Kael inhaled sharply. "What do you mean locked you out?"
"The creature is overriding internal controls. It has taken partial access of the command network."
The creature stepped inside the cryochamber. The camera flickered. The feed dissolved into static.
Kael stared at the screen, fists clenched.

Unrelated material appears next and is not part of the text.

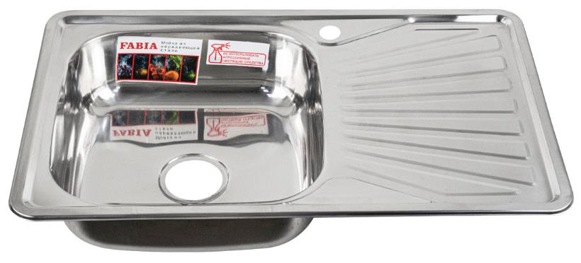 Врезная мойка FABIA из нержавеющей стали толщиной 0,6 мм – отличный вариант для кухни, она прослужит многие годы. Классическая форма и хромированный цвет гармонично впишутся в любой интерьер и никогда не выйдут из моды. Оптимальный размер 78 х 48 см с площадкой для посуды и глубина 160 мм позволяет свободно помыть посуду, без страха её разбить. Мойка врезается в столешницу. Специальное дополнительное антишумовое покрытие, нанесенное на обратную сторону чаш, разработано для снижения шума воды в мойке. Конструкция краев мойки, крепления и специальная уплотнительная прокладка обеспечивает максимально плотное прилегание к столешнице и защищает от протекания.Практичная площадка, расположенная по центру, даёт возможность вмонтировать любую понравившуюся модель смесителя. В комплекте сифон с большой горловиной с переливом, крепёж. Вес - 3,900 кг, объём -0 ,01958 м3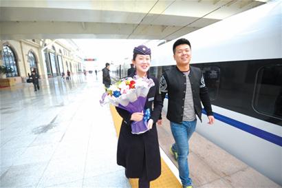 ????昨天上午7時30分許,這趟列車的旅客們陸續(xù)開始進站。隨著人群大步向前的還有蘇海麗的男友李新超,手捧鮮花進入車廂后,看到蘇海麗正在與一位旅客交談,他便耐心地等候在車廂的玻璃門外,溫柔地注視著她。在與記者交流時,李新超難掩興奮和緊張之情,一向說話流利的他變得磕磕絆絆,“我真是從來沒想過會在這么多人面前向她求婚,昨天晚上我激動得睡不著覺,在腦子里一遍遍預(yù)演,希望能好好表現(xiàn),讓她高興。 ”

His throat felt tight, pressure building behind his ribs.
"What is it looking for?" he whispered.
The AI's voice came back faintly.
"…Captain… I detected an internal shift in cryopod 04…"
Kael stopped breathing.
Pod 04.
He knew that pod better than any other. He had stood in front of it for hours after the disappearance, unable to open it, unable to accept what happened.
Pod 04 wasn't empty.
It held the only body they ever recovered.
"AI," Kael whispered, voice cracking despite himself, "scan Pod 04."
Silence.
Then:
"…Captain… I'm reading movement."
Kael's blood ran cold.
"What kind of movement?"
"…biological."
Kael's world tilted.
"That's impossible."
"It shouldn't be moving," the AI agreed. "But something inside Pod 04 is waking up."
Kael stared at the dark corridor ahead of him.
For the first time since the crew vanished, he felt something he hated more than loneliness.
Fear.
Deep, cold fear.
Not of the creature.
But of what or who was inside that pod.